- [WORK ITEM]: Given the listing below, write out exactly the lines starting with the line that has "Boğa çiftçiler tarafından" and going on through the line that has "A PlayStation 1", both kept.

* * * *

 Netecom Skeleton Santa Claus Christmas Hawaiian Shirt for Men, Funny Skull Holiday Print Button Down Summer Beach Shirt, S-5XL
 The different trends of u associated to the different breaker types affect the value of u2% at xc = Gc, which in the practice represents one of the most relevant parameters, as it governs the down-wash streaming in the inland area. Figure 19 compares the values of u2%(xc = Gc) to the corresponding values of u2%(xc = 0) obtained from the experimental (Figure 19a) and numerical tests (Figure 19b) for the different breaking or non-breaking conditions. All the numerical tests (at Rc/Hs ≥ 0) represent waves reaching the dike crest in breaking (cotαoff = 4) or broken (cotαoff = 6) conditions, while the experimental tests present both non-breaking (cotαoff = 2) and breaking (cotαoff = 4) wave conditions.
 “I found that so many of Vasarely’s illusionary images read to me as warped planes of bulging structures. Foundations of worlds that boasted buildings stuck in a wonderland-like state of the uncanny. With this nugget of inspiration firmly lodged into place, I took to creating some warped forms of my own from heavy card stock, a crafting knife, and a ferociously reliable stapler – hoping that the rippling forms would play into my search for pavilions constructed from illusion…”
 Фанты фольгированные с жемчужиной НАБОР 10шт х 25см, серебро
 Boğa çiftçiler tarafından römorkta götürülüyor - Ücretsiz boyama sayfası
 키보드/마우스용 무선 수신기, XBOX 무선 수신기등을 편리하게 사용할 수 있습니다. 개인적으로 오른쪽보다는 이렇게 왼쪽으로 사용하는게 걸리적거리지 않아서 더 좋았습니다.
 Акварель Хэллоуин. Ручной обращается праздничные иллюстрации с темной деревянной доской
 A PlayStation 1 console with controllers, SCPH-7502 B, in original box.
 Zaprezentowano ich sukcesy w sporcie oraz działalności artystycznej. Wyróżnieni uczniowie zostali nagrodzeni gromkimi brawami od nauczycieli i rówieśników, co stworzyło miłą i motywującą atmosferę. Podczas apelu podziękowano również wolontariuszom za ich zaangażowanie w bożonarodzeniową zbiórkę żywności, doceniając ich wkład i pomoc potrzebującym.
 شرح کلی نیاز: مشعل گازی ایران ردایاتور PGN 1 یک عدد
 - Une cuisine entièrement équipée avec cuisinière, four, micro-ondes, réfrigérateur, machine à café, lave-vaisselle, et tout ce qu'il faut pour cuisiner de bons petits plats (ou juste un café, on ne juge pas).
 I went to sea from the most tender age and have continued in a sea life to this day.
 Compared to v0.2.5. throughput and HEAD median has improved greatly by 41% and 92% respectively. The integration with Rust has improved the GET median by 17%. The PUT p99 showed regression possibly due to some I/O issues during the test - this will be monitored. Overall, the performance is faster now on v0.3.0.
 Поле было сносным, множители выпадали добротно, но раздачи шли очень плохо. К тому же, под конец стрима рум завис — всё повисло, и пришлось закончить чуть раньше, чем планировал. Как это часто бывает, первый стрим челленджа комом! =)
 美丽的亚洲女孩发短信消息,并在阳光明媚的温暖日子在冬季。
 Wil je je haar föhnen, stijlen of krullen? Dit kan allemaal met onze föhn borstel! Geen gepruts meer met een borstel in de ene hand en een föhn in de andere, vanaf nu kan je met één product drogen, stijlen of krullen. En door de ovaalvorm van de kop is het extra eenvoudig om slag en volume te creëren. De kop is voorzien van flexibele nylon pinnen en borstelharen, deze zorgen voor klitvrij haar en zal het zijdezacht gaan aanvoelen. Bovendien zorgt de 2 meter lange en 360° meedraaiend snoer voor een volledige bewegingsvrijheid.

* * * *

- [EXERCISE RESULT]:
 Boğa çiftçiler tarafından römorkta götürülüyor - Ücretsiz boyama sayfası
 키보드/마우스용 무선 수신기, XBOX 무선 수신기등을 편리하게 사용할 수 있습니다. 개인적으로 오른쪽보다는 이렇게 왼쪽으로 사용하는게 걸리적거리지 않아서 더 좋았습니다.
 Акварель Хэллоуин. Ручной обращается праздничные иллюстрации с темной деревянной доской
 A PlayStation 1 console with controllers, SCPH-7502 B, in original box.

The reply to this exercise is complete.